On Sunday, May 26, two unidentified gunmen on a motorcycle assassinated Mawlawi Abdullah Fayaz, head of the Islamic Council of Kandahar, a government-appointed body. The Taliban claimed responsibility for killing Fayaz, who was a close supporter of U.S.-backed President Hamid Karzai. Last week, at a gathering of clerics, Fayaz gave a stern speech against the fugitive former Taliban leader Mullah Mohammed Omar. Fayaz, who had organized the meeting of the Afghan Ulema Council (Council of Religious Scholars), revoked the title “Amirul Mominine” (leader of the faithful) that had been bestowed on Mulla Omar when he took over as the leader of the Taliban. No one claimed responsibility for the assassination, although Taliban insurgents had repeatedly threatened Fayaz (Cheragh in Dari, May 30; Erada in Dari, June 1).

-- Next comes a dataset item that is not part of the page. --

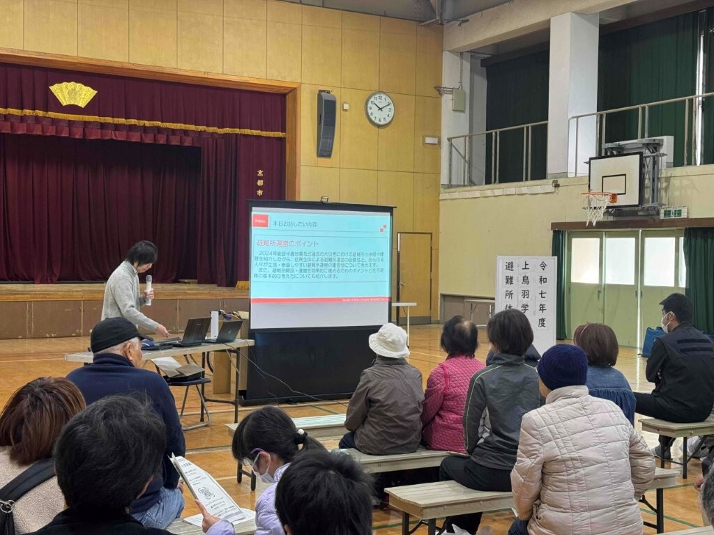 龍谷大学で防災研究をされている 石原凌河 准教授をお招きし、実際に避難所となる小学校体育館にて、発災初期段階には住民だけで避難所開設・運営をいただく必要があることなどを講話いただきました。その後、情報班や保健衛生班など避難所運営に必要な班別活動を体験して学ぶ研修会を開催しました。

This was the second attempt on Fayaz’s life. The first attack occurred several years ago when a bomb was placed in a mosque while he led prayers. In that incident, scores of people were killed and injured. That attack, the first of its kind in Afghanistan, set a precedent in which the sanctity of the mosque was violated. Previously attacks on mosques and religious institutions had been a cultural and religious taboo in Afghanistan. Religious institutions and shrines of any kind were off limits to violence and intrusions. Even criminals who took refuge in these places would be safe for as long as they stayed there. Now the Taliban has breached the sanctity of the mosque (Daily Outlook Afghanistan, May 31).
Wednesday’s attack came after authorities had detained 50 people in connection with Fayaz’s murder. The arrests have been taking place amid ambiguity, as the attackers fled the scene and Afghan law does not allow police to punish anyone for crimes committed by others.
The assassination of Fayaz and the subsequent bombing of the Kandahar mosque raise two important points. First, this was an attack by the Taliban on one of their own. Fayaz was a religious scholar from the same Sunni sect of Islam as the Taliban. Previously, the Taliban were known to attack only Shi’ites. From an ethnic perspective, Fayaz was a Pashtun who hailed from Kandahar, a one-time stronghold of the Taliban.
The Taliban have rarely targeted prominent religious individuals from their own ethnic community. This is tantamount to declaring war on the established religious institution of the country, a strategy that is bound to backfire. The Taliban came to power by fighting corruption and promoting a religious agenda. If they wage war on the religious establishment, they may not be able to get away with it.
Second, the government of President Karzai has tried to lure the Taliban to enter mainstream politics. Although there have been mixed reactions from different Afghan groups, the government is keen on continuing its policy of reconciliation. The aim, as one paper puts, is to split the Taliban. However, this rapprochement with the hard-line religious movement has yet to yield concrete results. Only a handful of prominent Taliban fighters have come forward to join the government, while the rest have intensified their activities in the provinces bordering Pakistan (Daily Outlook Afghanistan, May 31).
The Afghan government swiftly reacted to the attack in Kandahar. Interior Minister Ali Ahmad Jalali told a news conference Kabul: “According to information I have received from Kandahar, the suicide bomber was a foreigner.” Without naming the bomber or his country of origin, Jalali blamed the fatal terrorist attack on Taliban insurgents and their al-Qaeda allies. The interior minister suggested that, since Afghans do not support the combatants, they had hired foreigners to execute their activities.
Kandahar Governor Gul Agha Sherzai, echoing Jalali’s views, said he had received reports that five Arab fighters had slipped into the city to carry out the suicide attack.
The governor said he had been targeted by the bombers, but survived because he went to the mosque later. As he told journalists, “The explosion bore all the hallmarks of al-Qaeda members who carried out a similar attack in Pakistan the other day; Afghans don’t stage suicide attacks” (Pajwok, June 1).